On December 2014, Google suspended all the apps that were developed by the Chinese company BabyBus. Google claimed they violated the COPPA regulations by collecting geolocation data from their users. The company attributed the data collection to “Android’s third-party statistics software plug-in.”

Using monitoring or analytics SDKs is very common. However, it is also very common for these types of SDKs to collect geolocation information, without any malicious intentions. But the combination of using such SDKs in apps targeting children makes it all the more risky, both in general and in terms of complying with regulations.

Bad News from BadNews

SDKs, which are integrated in your app, often access the server to read configuration or update resources. Downloading code dynamically is known to be an attack waiting to happen. It can be used to embed viruses or backdoors, as happened in the past with BadNews SDK. In short, BadNews’ ad-network (The name gives the ending away, don’t you think?) was integrated in more than 32 apps, with millions of downloads, when it was found to embed malwares on user devices and steal sensitive user data. Needless to say, Google removed all apps that used this SDK and suspended their developers’ account.

2. User Experience

Apart from security and privacy issues, SDKs might introduce major flaws in the app user experience. SDKs can cause functionally bugs, slow down your application or its launch time and cause excessive battery or data consumption. In a survey we conducted, 100% of the app developers reported they found functionality bugs when using SDKs.  And the ridiculously large numbers don’t stop there – 85% reported crashes caused by SDKs while 54% reported that SDKs slowed their app and damaged their performance. Think about it for a second – every single app developer we came across had to deal at one point or another with an SDK causing him or her bugs. Instead of saving precious time, these developers had to chase and deal with someone else’s buggy code (which as we all know, is without a doubt a developer’s most hated job description).

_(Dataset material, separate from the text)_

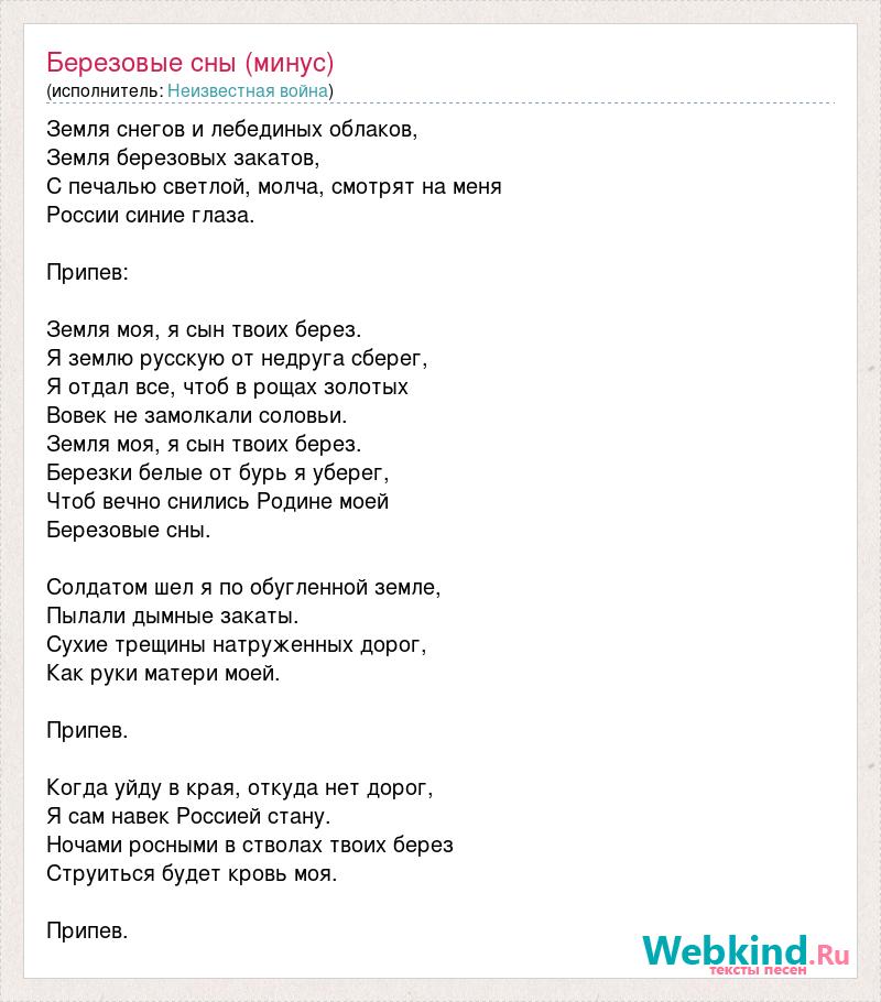 Земля снегов и лебединых облаков, Земля березовых закатов, С печалью светлой, молча, смотрят на меня России синие глаза. Припев: Земля моя, я сын твоих берез. Я землю русскую от недруга сберег, Я отдал все, чтоб в рощах золотых Вовек не замолкали соловьи. Земля моя, я сын твоих берез. Березки белые от бурь я уберег, Чтоб вечно снились Родине моей Березовые сны. Солдатом шел я по обугленной земле, Пылали дымные закаты. Сухие трещины натруженных дорог, Как руки матери моей. Припев. Когда уйду в края, откуда нет дорог, Я сам навек Россией стану. Ночами росными в стволах твоих берез Струиться будет кровь моя. Припев.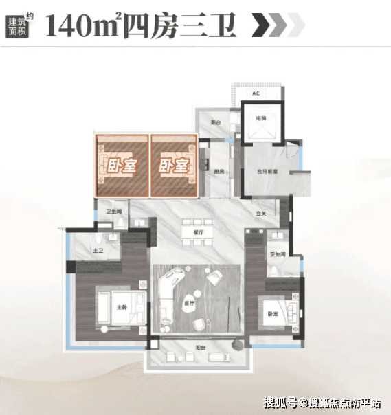 140㎡四房户型做到了私梯入户,“四叶草” 布局减少了空间浪费,南向面宽达 13.2 米,采光充足。客厅、厨房、阳台贯通形成约 40㎡的家庭社交区,主卧配备 270° 环幕观景窗,躺在床上就能看到湖景,适配科创精英家庭的需求。

Talking to hundreds of app developers, it is not hard to realize that developers are extremely frustrated when integrating SDKs in order to expedite their development process that ultimately end up losing users over their real time behavior.

Let my App Go

One more issue which can be very frustrating for app developers is replacing SDKs in their already-installed apps. It applies to many cases, such as an app developer that isn’t receiving the service he expected from a tracking SDK. He would like to stop working with that SDK company. Yet he faces a problem: the app is already deployed, with millions of users using it. The developer is bound to this company until no device is running a version of the app with the SDK still within it, be it by updating the app to a new version or uninstalling it altogether. This may take a long time and in the meanwhile the developer pays a company that they are no longer satisfied with its services.

Summary

It’s no doubt that SDKs are a great asset for app developers. And it’s no coincidence that the usage of SDKs in the past year has at least tripled itself. The relationship between apps and SDKs is built on trust, yet sometimes trust can be broken. The app quality and security might be compromised as a result of this broken trust. Bubba Murarka from DFJ Venture described it well in his blog post as he talked about living in the “SDK Crunch”. We couldn’t agree more. Using so many SDKs in your app, as he says, is like drinking a poorly mixed drink: each ingredient is delicious on its own, but the same isn’t necessarily true when all are put together.

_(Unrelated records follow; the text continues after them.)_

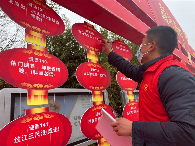 “阿姨您好!148號(hào)燈謎的謎底是‘香皂’?!?月15日,在周口市文化藝術(shù)中心西廣場(chǎng),正在舉行“潁河春燈——元宵燈謎猜猜猜”活動(dòng)。“我最喜歡猜燈謎了,猜對(duì)以后我還能拿到一個(gè)玩具小飛機(jī),真開(kāi)心!”說(shuō)話的這個(gè)小男孩姓汪,今年8歲,在今天這場(chǎng)猜燈謎活動(dòng)中,他是第一位給出正確答案的參與者。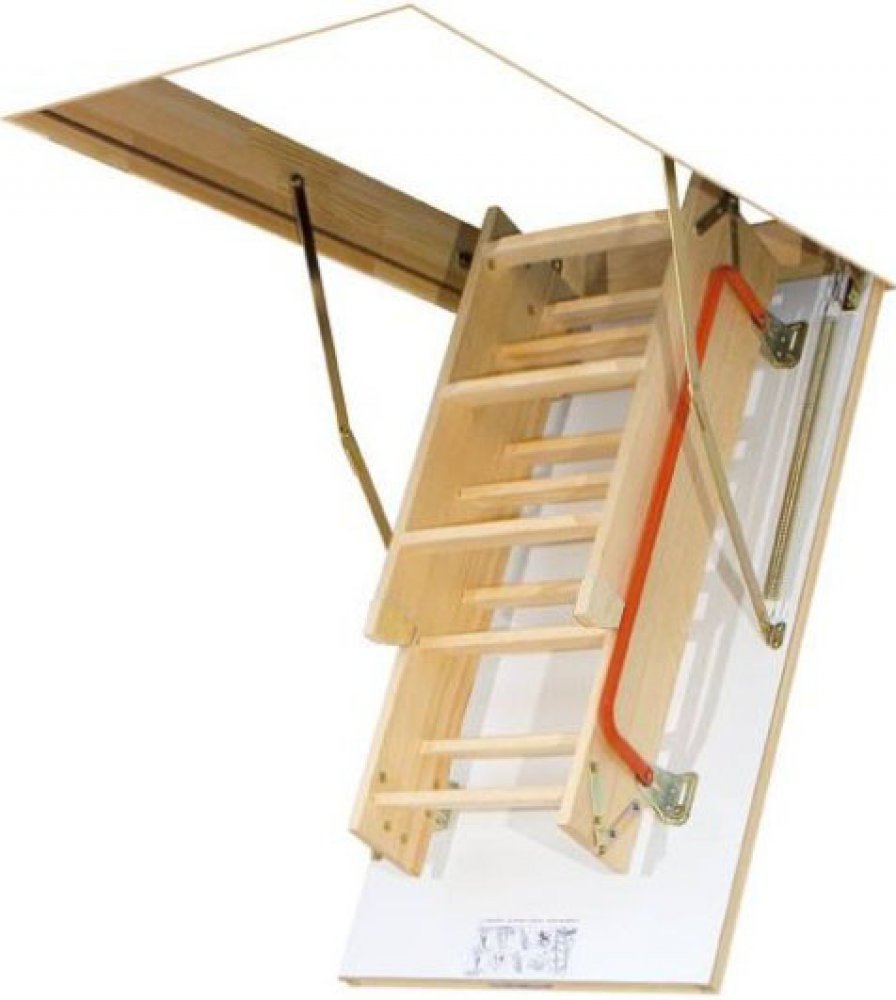 Půdní schody FAKRO typu LWK KOMFORT jsou dřevěné třídílné schody vyrobené z kvalitního borovicového dřeva se zatepleným poklopem z přírodní dřevotřísky polepené oboustranně deskou HDF v bílé barvě, vybavené dodatečným bezpečnostním kovovým mádlem a umělohmotnými ochrannými patkami.Meziprostor je vyplněn 30 mm vrstvou polystyrenu. Poklop je zajištěn speciálním zámkem. Příslušenstvím je kovová tyč sloužící pro snadnou manipulaci s poklopem a ovládání zámku.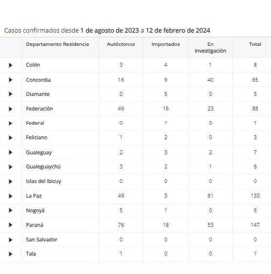 En la última semana se registraron 231 nuevos casos de dengue y 91 de Covid-19 en la provincia. AllÃ, en el monitor de casos de dengue, se informa que en el perÃodo comprendido entre el 1 de agosto de 2023 y el 10 de febrero de 2024, la provincia registra un total acumulado de 539 casos, de los cuales 231 corresponden a la categorÃa de autóctonos; 85 a importados y 223 que se encuentran en investigación (se trata de casos confirmados, pero que resta determinar si corresponden a autóctonos o importados). De este modo, los casos de dengue continúan en aumento mientras que se mantienen estables los casos de coronavirus en relación a los informados en el mismo periodo previo, según información enviada a DIARIOJUNIO. En Concordia se detectaron 65 casos de dengue.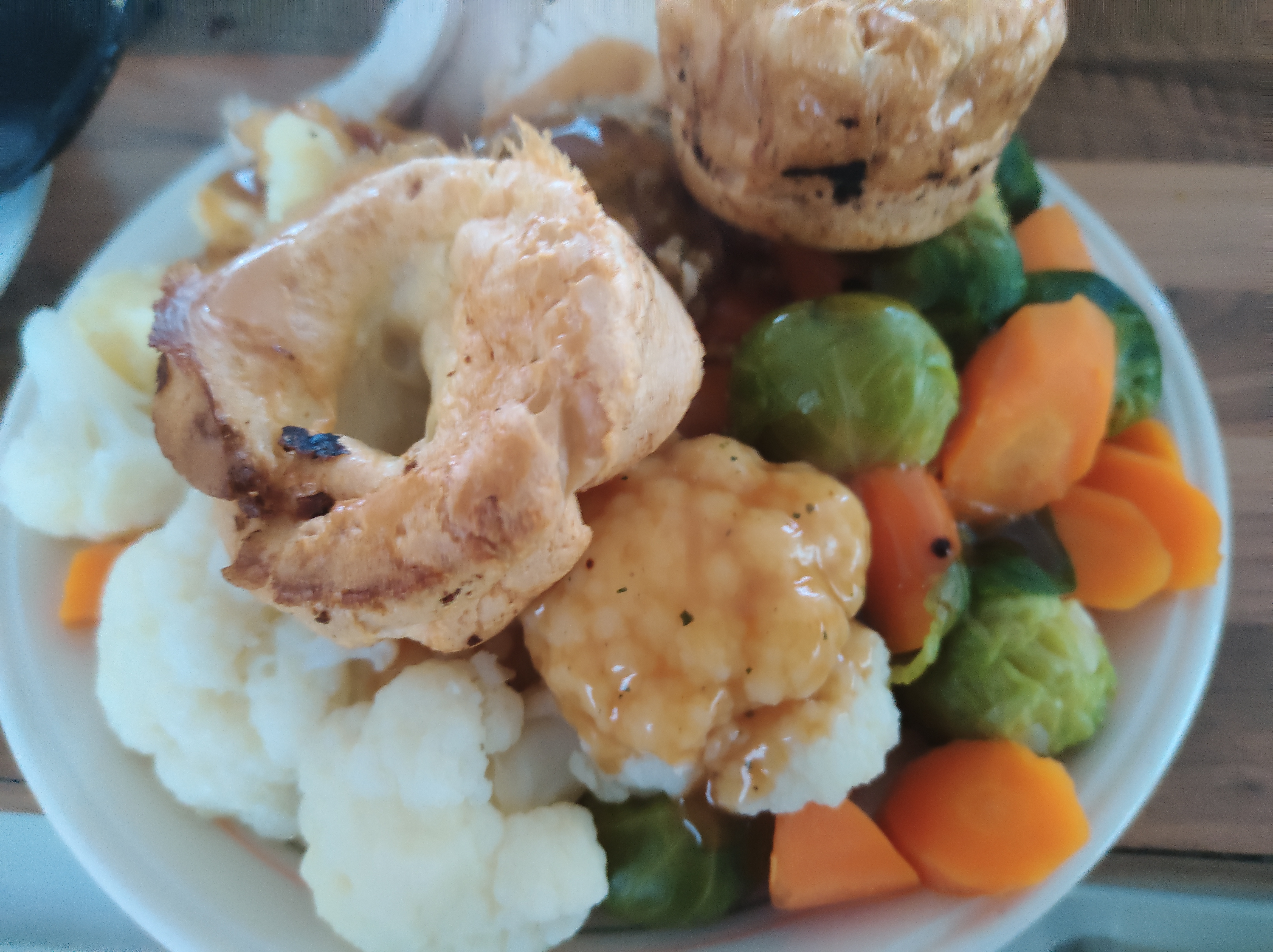 Tea, roast chicken, spoonful mash, carrots, brussels and cauli. Stuffing 2 syns, gravy 4 syns and yorkies 2 syns

My goal here was not to share horror stories and discourage you from using SDKs, quite the contrary is true. Use as many SDKs as you need to create your wonderful app. Having said that, I hope I managed to shed some light and make you aware of the risks associated with using SDKs and the things to be on the lookout for. These risks are exactly the reason we decided to found SafeDK, but that’s a topic for another blog post.